However, this case is also somewhat different — write_first
isn’t just
dereferencing any input, it’s dereferencing a private field of VGA
. Since the
field is private, the fact that the safety condition “self.vga_mem_start
holds
a write-able address” escapes a public function doesn’t immediately mean that
the safety condition has escaped the public interface.
To determine whether this condition has escaped the public interface, we’re
forced to consider all public code that might write to VGA
’s vga_mem_start
field. If it turns out that the only such code is in VGA::new()
, which puts a
magic address into the field, then we know that this safety condition doesn’t
escape the public interface.
Of course, we haven’t verified that the safety condition is actually met — we
don’t know whether the address 0xb8000
can actually be written to, and we
definitely don’t know that the address gives the correct location of the VGA
Buffer. All we can say is that no safety conditions escape the public interface
of VGA
.
This asymmetry is important: If safety conditions escape a public interface then there must be a violation of the Abstraction Safety Contract, but a lack of escape does not prove that the ASC is upheld.
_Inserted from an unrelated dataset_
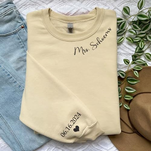 Noni Custom Mrs. Embroidered Sweatshirt,Date On Sleeve,Gift For Bride,Future Mrs. and Mr. Hoodie,Engagement Gift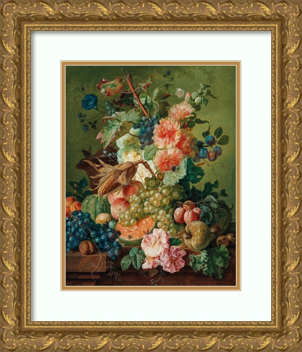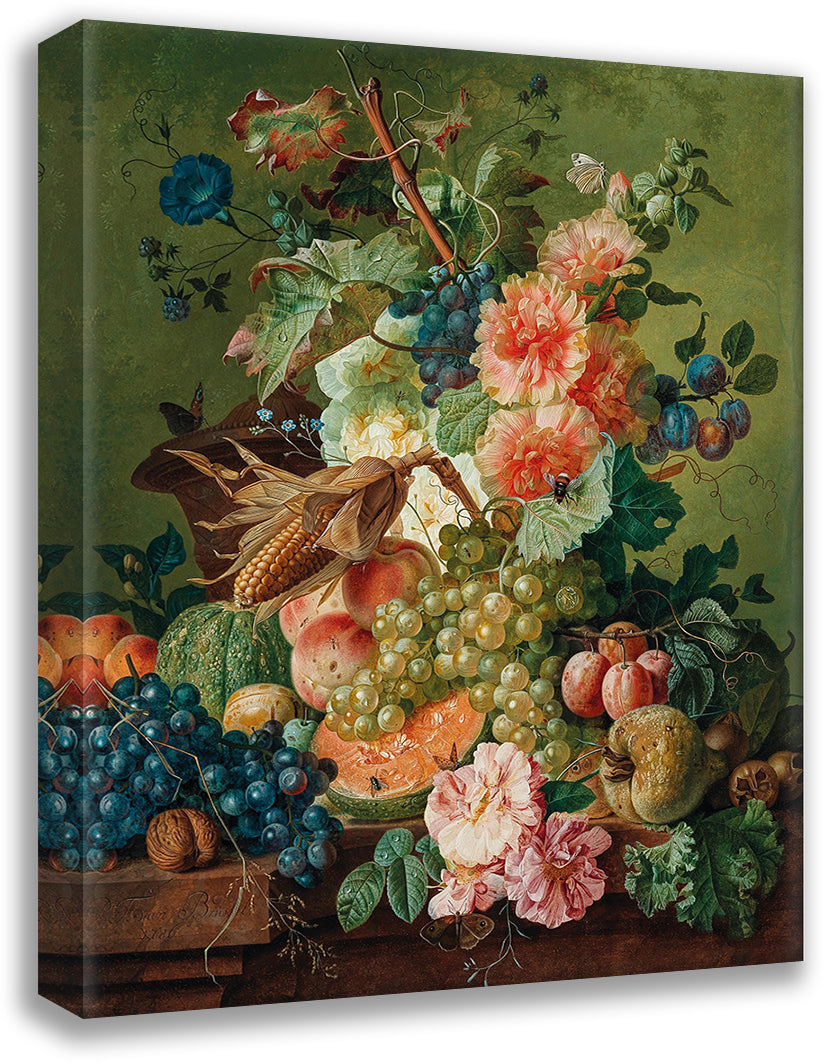 Flowers, Fruit and a Corn on the Cob on a Table Ledge (1786)

Hopefully by now you have some intuition for what public escape is, and have a good understanding of why it’s problematic for safety conditions to escape. In the next section we’re going to start designing an automatic tool that can reason about public escape, which should help further solidify these ideas.
Automating the Analysis
To reason automatically about public escape we’re going to need to break out a fairly powerful tool: dataflow analysis. If you’re interested in learning about dataflow analysis in detail, I’d recommend this course’s lectures, but I’ve also included a basic introduction that should be enough to understand this post.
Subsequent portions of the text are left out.